In the paper, Lennon and colleagues explained polygenic risk scores “aggregate the effects of many genetic risk variants” to identify a person’s genetic predisposition for a certain disease or phenotype.
“But their development and application to clinical care, particularly among ancestrally diverse individuals, present substantial challenges,” they noted. “Clinical use of polygenic risk scores may ultimately prevent disease or enable its detection at earlier, more treatable stages.”
The scientists set a research goal to “optimize polygenic risk scores for a diversity of people.”
While performing the polygenic risk score testing on participants, Broad Clinical Labs focused on 10 conditions—including cardiometabolic diseases and cancer—selected by the research team based on “polygenic risk score performance, medical actionability, and clinical utility,” the Nature Medicine paper explained.
For each condition, the researchers:
Identified “exact spots in the genome that they would analyze to calculate the risk score.”
Used information from the NIH’s All of Us Research Program to “create a model to calibrate a person’s polygenic risk score according to that individual’s genetic ancestry.”
The All of Us program, which aims to collect health information from one million US residents, has three times more people of non-European ancestry than other data sources developing genetic risk scores, HealthDay News reported.
20% of Study Participants Showed High Risk for Disease
To complete their studies, Broad Institute researchers processed a diverse group of eMERGE participants to determine their clinical polygenic risk scores for each of the 10 diseases between July 2022 and August 2023.
Listed below are all conditions studied, as well as the number of participants involved in each study and the number of people with scores indicating high risk of the disease, according to their published paper:
Over 500 people (about 20%) of the 2,500 participants, had high risk for at least one of the 10 targeted diseases, the study found.
Participants in the study self-reported their race/ancestry as follows, according to the paper:
White: 32.8%
Black: 32.8%
Hispanic: 25.4%
Asian: 5%
American Indian: 1.5%
Middle Eastern: 0.9%
No selection: 0.8%
“We can’t fix all biases in the risk scores, but we can make sure that if a person is in a high-risk group for a disease, they’ll get identified as high risk regardless of what their genetic ancestry is,” Lennon said.
Further Studies, Scoring Implications
With 10 tests in hand, Broad Clinical Labs plans to calculate risk scores for all 25,000 people in the eMERGE network.
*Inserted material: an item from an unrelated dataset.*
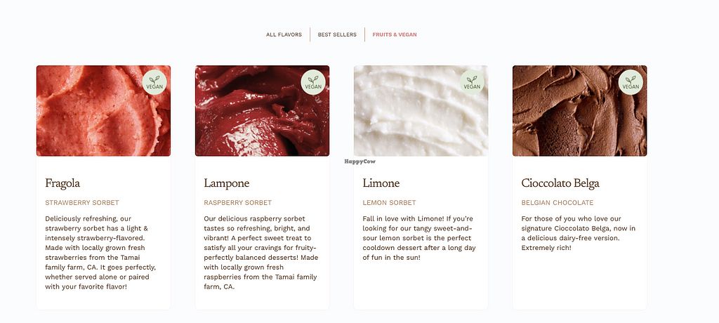Gelato shop offering one vegan gelato flavor, Belgian chocolate, and three vegan sorbet flavors: strawberry, raspberry, and lemon. Open Mon-Sat 11:00am-11:00am, Sun 10:30am-11:00am. More
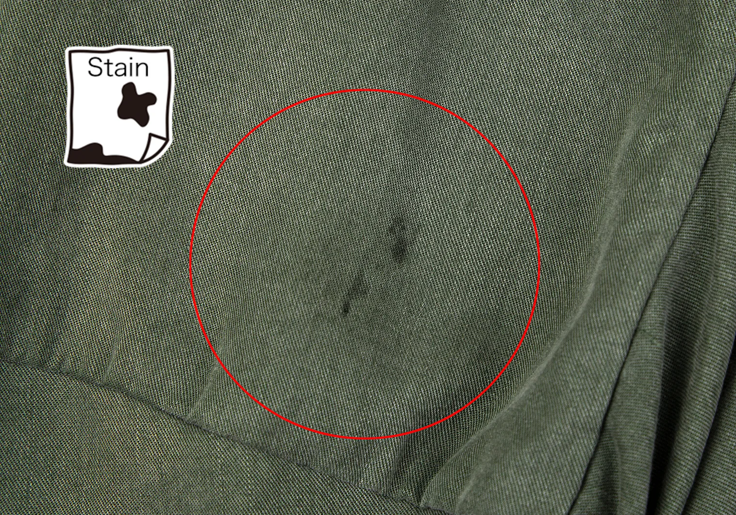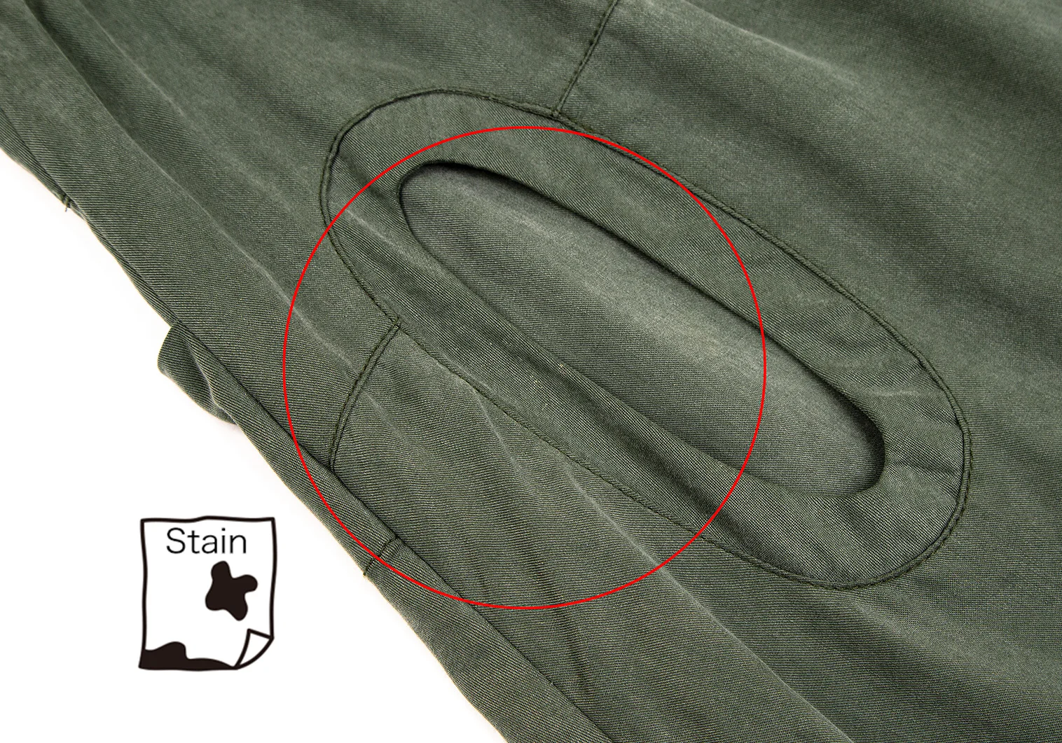 右ポケットに薄汚れ、前裾に小シミが数カ所あり、後ろ身頃にシミがあります。その他目立ったシミ、汚れ、ほつれ等はありません。クリーニング済み

The researchers also aim to conduct follow-up studies to discover what role polygenic risk scores may play in patients’ overall healthcare.
“Ultimately, the network wants to know what it means for a person to receive information that says they’re at high risk for one of these diseases,” Lennon said.
The researchers’ findings about disease risk are likely also relevant to healthcare systems, which want care teams to make earlier, pre-symptomatic diagnosis to keep patients healthy.
Clinical laboratory leaders may want to follow Broad Clinical Labs’ studies as they perform the 10 genetic tests and capture information about what participants may be willing to do—based on risk scores—to lower their risk for deadly diseases.